The Transport Salaried Staffs' Association (TSSA) will write to the Transport Select Committee to call for an inquiry into level crossings.

It comes after Lindsey Inger, 13, was killed at a Nottinghamshire crossing in November and two hefty fines for separate incidents.

Network Rail said it recognised the dangers and was investing in safety.

Union general secretary Manuel Cortes accused the company and the Office of Rail Regulation (ORR) of ignoring safety warnings 14 months before Lindsey was killed in Hucknall, Nottinghamshire.

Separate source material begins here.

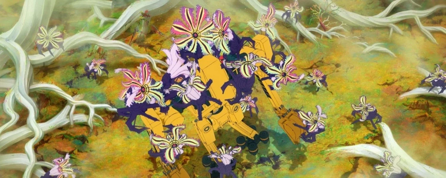 The vibrant, kaleidoscopic colours and lush backgrounds Akimoto deploys here are the polar opposite of Liman’s tech-heavy, ash and military metal near-monochrome, so when it starts with Yasuhiro Maeda’s pounding, ominous score and the bright arrival of the invading Darol on Earth, it’s hard not to be mesmerised immediately. The Darol, a tree-like alien creature, lands (plants?) in Japan, unleashing hell and drawing ordinary citizens into an existential fight. One of those is Rita (Ai Mikami, Kokuho), a sullen, solitary young woman with orange hair and a distaste for complete meals and small talk. She’s part of the crew that’s attempting to prune the branches of the mysterious Darol that’s been growing for a year. One day it suddenly sprouts flowers – spores? fruit? – blossoms fully and murders everyone it sees, including Rita. Then she wakes up the next day, at 7:03am and assumes she had a nightmare until the day repeats exactly as it did before. She does this 92 times before she meets Keiji (Natsuki Hanae, Demon Slayer: Kimetsu no Yaiba Infinity Castle), a classic 90-pound weakling with a genius mind for software engineering. He’s caught in the time loop too.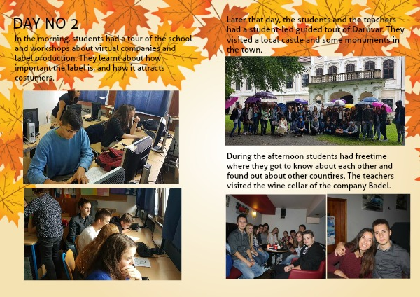 During the afternoon students had freetime where they got to know about each other and found out about other countires. The teachers visited the wine cellar of the company Badel.

In 2008, Jean Hoggart, 56, and her seven-year-old grandson Mikey Dawson died at the same spot.

'Safest in Europe'

Mr Cortes said: "Now, much too late, the crossing has finally been closed after three people have needlessly died and two families torn apart.

"We need answers and we want them in front of a parliamentary committee."

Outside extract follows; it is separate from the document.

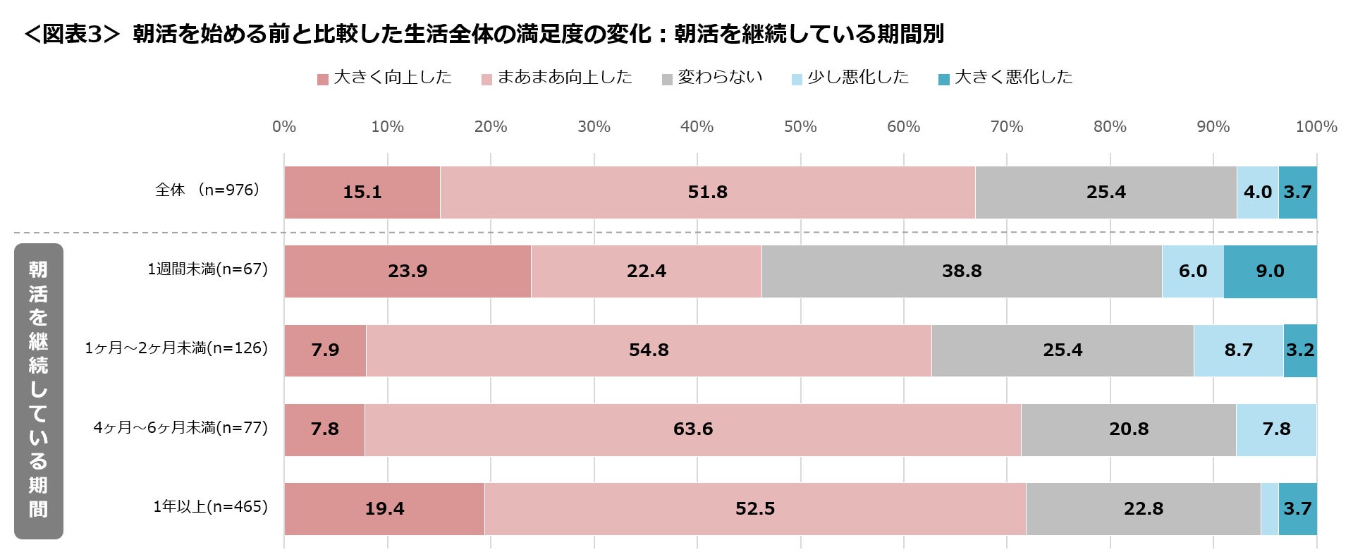 朝活を始める前と比較した生活全体の満足度の変化について聴取したところ、「大きく向上した」の割合は全体で15.1%、さらに朝活を始めて1週間未満の時点では23.9%となりました。朝活を始めて1ヶ月~6ヶ月未満では「大きく向上した」の割合は一度減少するものの、継続期間が長くなるにつれて増加。朝活を継続することで生活全体への良い影響を実感する人が増えることがうかがえます。

He will write to committee chairman Louise Ellman to ask for the inquiry.

Last year, Network Rail was fined £1m over the deaths of friends Olivia Bazlinton, 14, and Charlotte Thompson, 13, who were hit by a train in December 2005 as they crossed the railway line at Elsenham station in Essex.

And last month it was fined £450,000 after the death of Jane Harding at Moreton-on-Lugg, Herefordshire, in January 2010.

A spokeswoman for Network Rail said: "We recognise that level crossings can be dangerous which is why over the past two years we have closed over 700 and are investing some £130m in improvements."

She added that increased safety features had been made at 2,500 of the country's 6,500 crossings.

A spokesman for the ORR said it was pushing for the closure of level crossings where possible.

"Great Britain's level crossings, although among the safest in Europe, pose a significant rail safety risk to the public," he added.